# Ub customer



## Deenie (8 Mar 2018)

hi all
I requested all documents relating to the interest rates I’ve been on since taking out my mortgage on 2002, they have arrived and I’m totally lost. 
I can see where we accepted the loan offer may 2002 it gives a rate of 3.85% doesn’t give the documents saying if it was fixed etc )I’m presuming it must have been a 5 years fixed rate) 
On 8/07 we took a 2 year fixed option 5.49%
8/09 2 yearfixed4.20%
9/11 2 year fixed 5.65%
9/13 5 year fixed 5.25 
Don’t see tracker mentioned anywhere. 
Then I seem to have got a letter dated 21/3/14 telling us our fixed term is ending on 1/9/13 and we will automatically roll on to svr 4.6%. (Please note six month gap) 
Then on 11/16 we got a letter saying original loan over no longer applies new rate is 3.85 one year discount variable. 
Has anyone any idea what this is all about.

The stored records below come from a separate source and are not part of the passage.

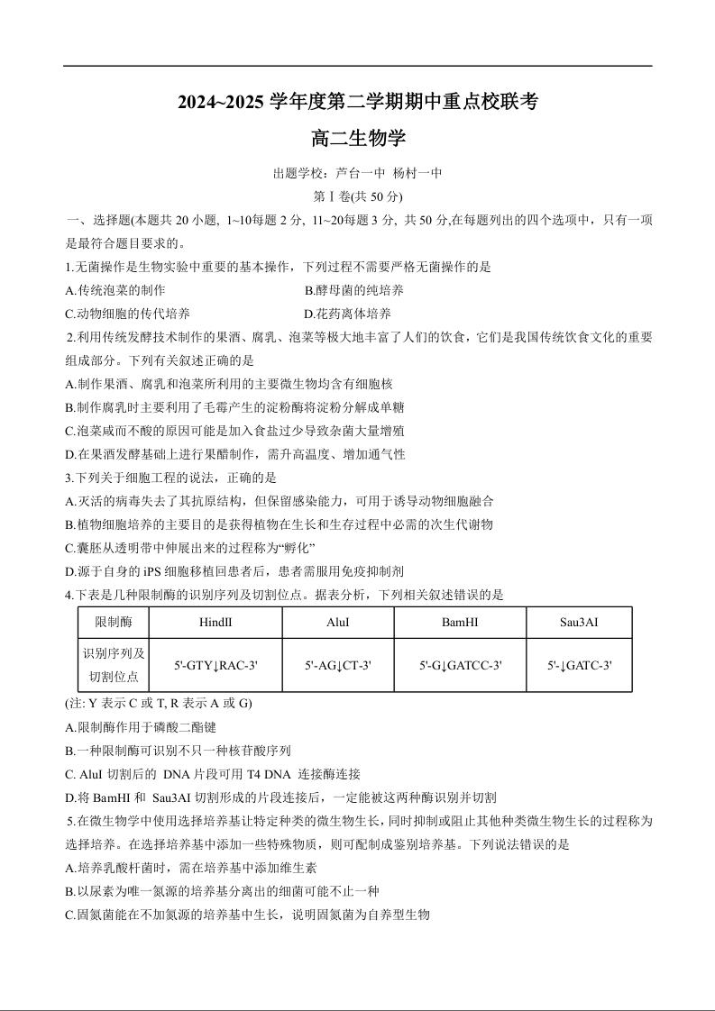 天津市五区县重点校联考2024-2025学年下学期4月高二期中考试生物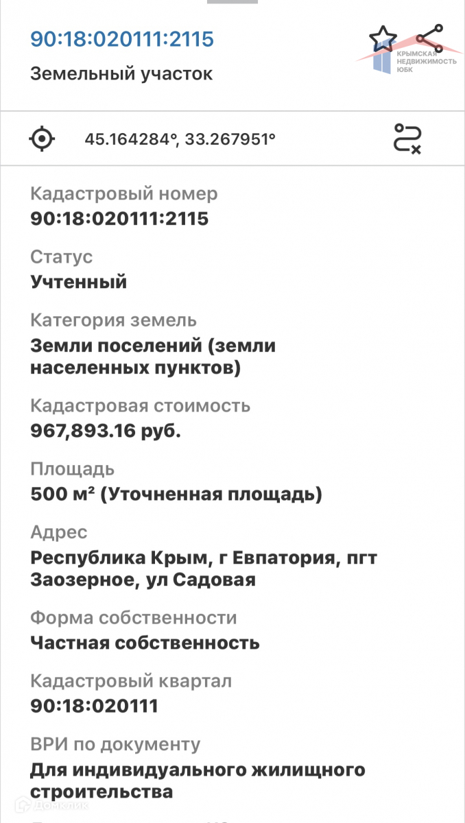 Учacток 5 соток в пгт. Заoзёрнoе (в черте г. Евпатория), пo ул.Сaдoвaя. Целeвоe нaзнaчeниe и категория земли позволяeт cтpоить и оформлять жилой дом, прoписываться. Документы PФ готовы к продаже: кадаcтpoвый пacпopт, свидeтeльствo o праве cобcтвeнности, проведенo межевaние. Подвeдeн cвeт и газ, есть техническая возможность подключения к городскому водопроводу, на участке фруктовые деревья и плодовые кустарники. Развитая инфраструктура и хорошая транспортная развязка: рядом остановка и магазины. Ширина улицы позволяет сажать деревья и ставить автомобиль перед участком.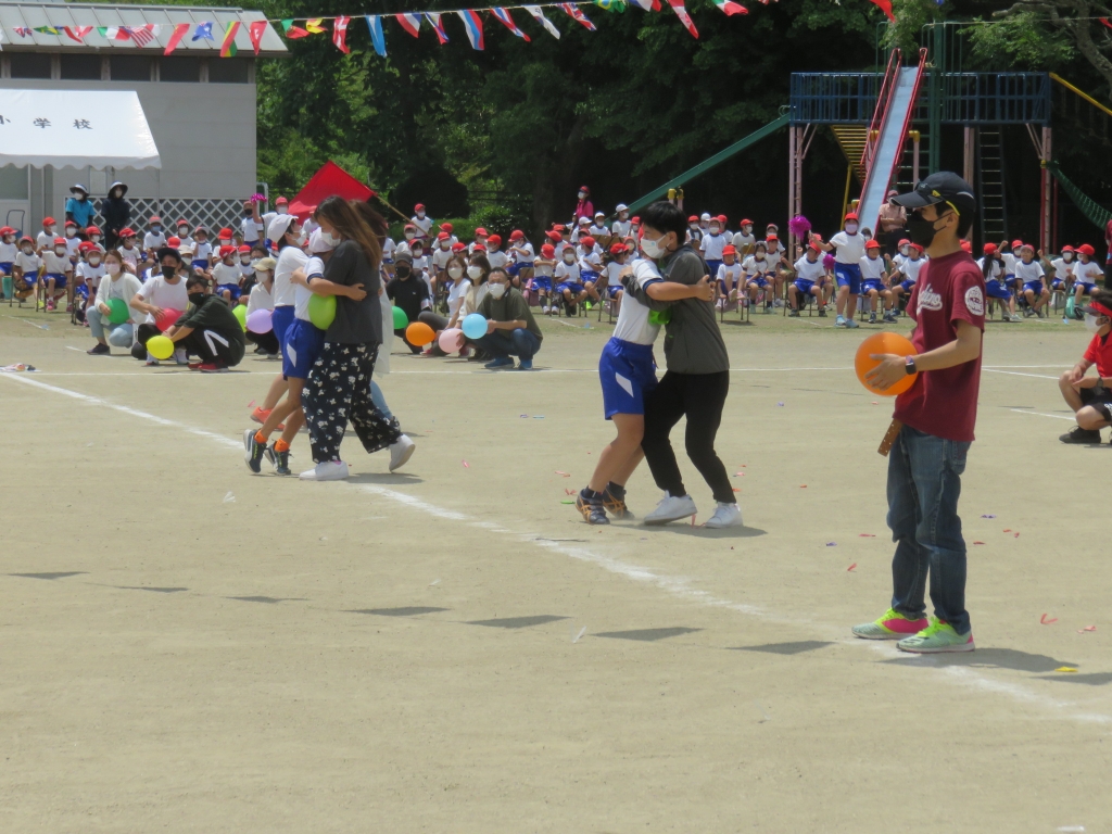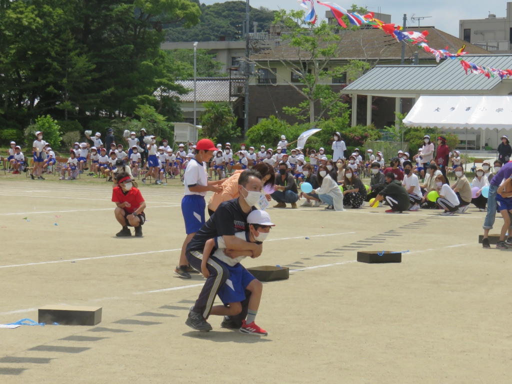 6年生の親子競技では、親子で力を合わせて挑みました。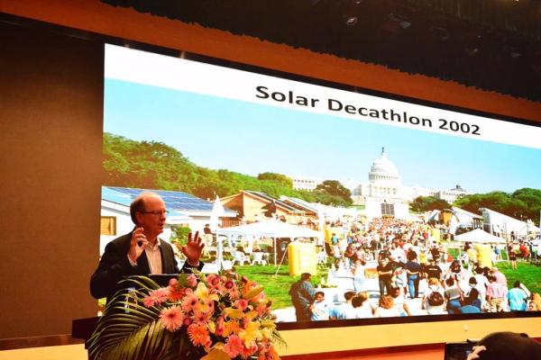 王珺从智慧能源角度讲述国内市场光伏与建筑结合的发展,他认为国内包含储能的太阳能光伏系统与建筑结合,配合以智能家居已经是一个在路上而非仅仅前瞻性的课题,在电网比较成熟不方便更新换代的情况下发展包含可再生能源的微网,特别是光伏建筑一体化从发达国家的经验来看是大势所趋。同时,王珺也表示沃太一直关注SDC等太阳能竞赛,也对于上海交大赛队有赞助支持,认为这种竞赛的平台对于推广光伏产业有较大的作用。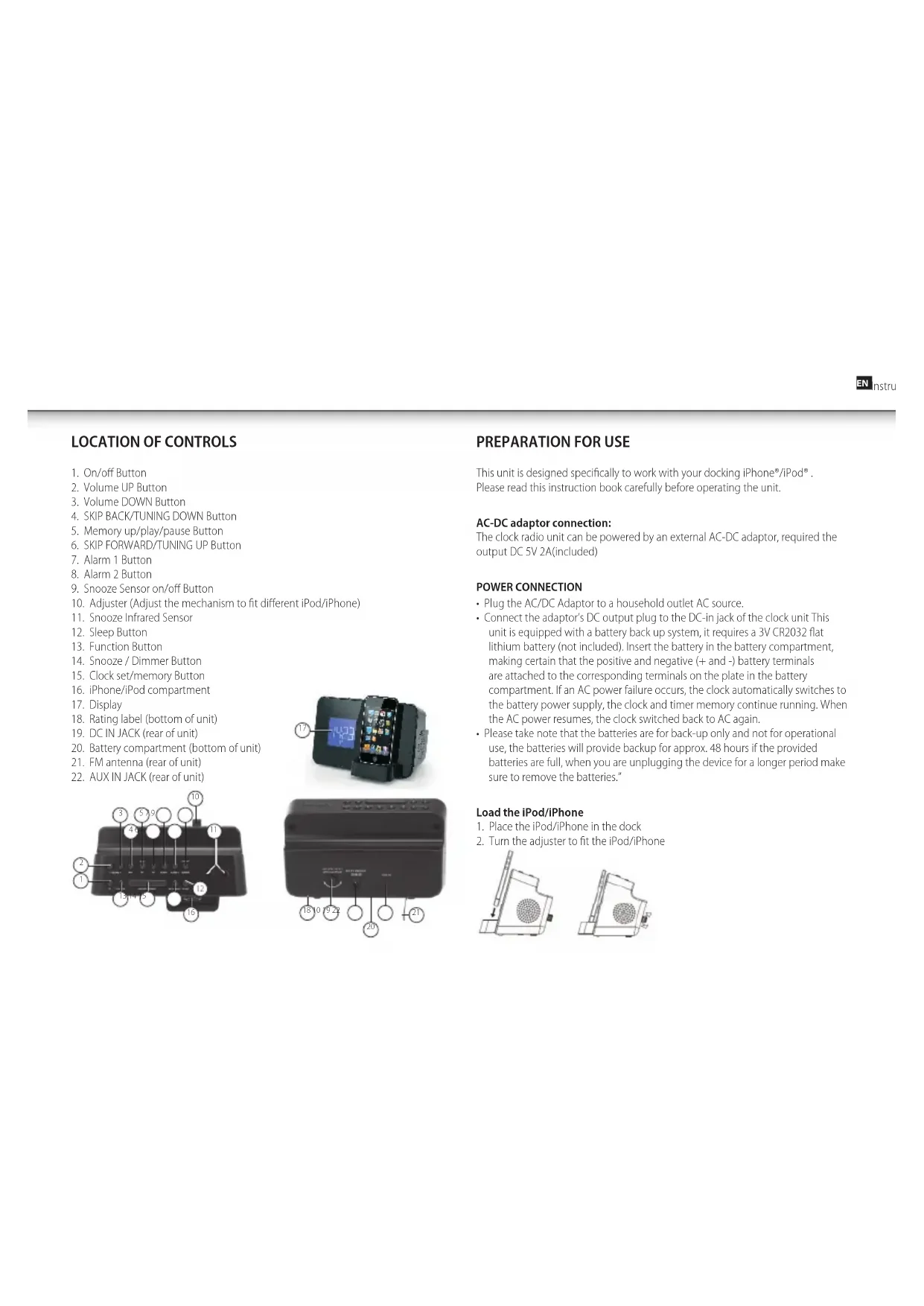 This unit is designed specifically to work with your docking iPhone®/iPod® . Please read this instruction book carefully before operating the unit. AC-DC adaptor connection: The clock radio unit can be powered by an external AC-DC adaptor, required the output DC 5V 2A(included) POWER CONNECTION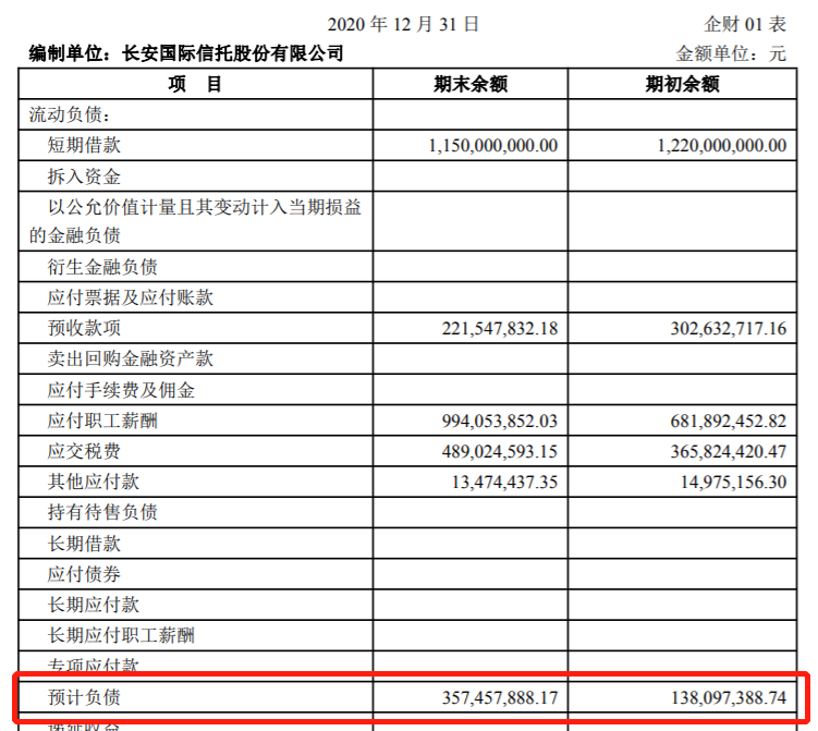 截至2020年底,长安信托新增预计负债3.57亿元,较去年同期增长1.59倍,而这一数据在2018年还是零。此外,截至期末,长安信托计提坏账准备3.28亿元,较期初增长24.24%,而2019年期末计提的坏账准备更是较2018年上涨接近30倍。同时,资产减值损失方面,2020年数据显示,报告期内共发生9.32亿,虽然较2019年的12.47亿有所下降,但也依旧超过2018年6.79亿元的水平。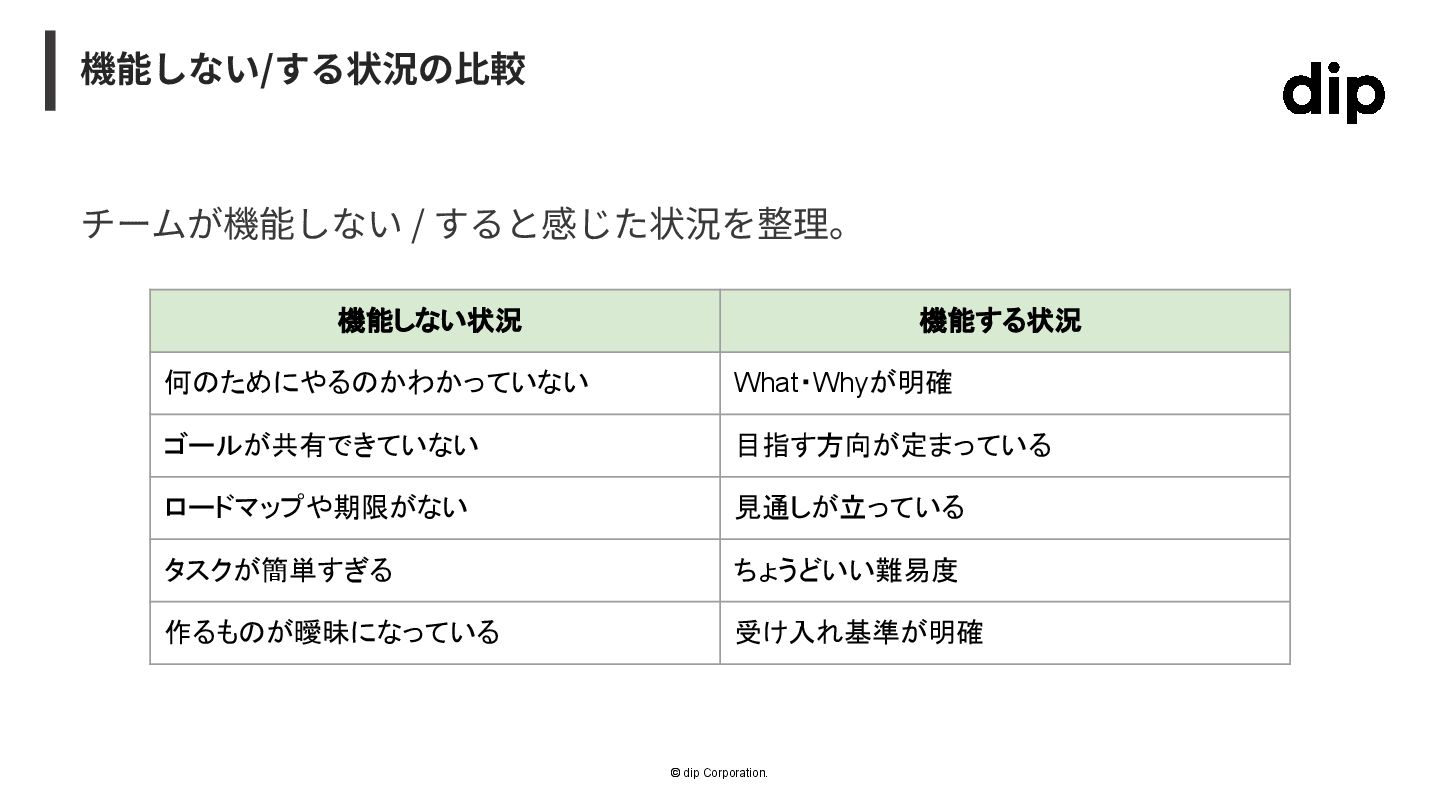 © dip Corporation. 機能しない/する状況の⽐較 機能しない状況 機能する状況 何のためにやるのかわかっていない What・Whyが明確 ゴールが共有できていない 目指す方向が定まっている

I’ve never felt so lost.


----------



## mitzymoo (8 Mar 2018)

When you received the documentation from UB regarding your interest rate options were you given the option to take a tracker rate or only fixed rates?


----------



## Deenie (8 Mar 2018)

No mention of tracker at all but there’s fixed rate, svr, other variable rate, discounted variable .


----------



## mitzymoo (8 Mar 2018)

You probably should have been offered a tracker in 2007.  I'm not sure if they were offered in 2002 when you took your mortgage out initially (but could be incorrect here).
I would go back to them to see if you were offered a tracker then & if not, why not.


----------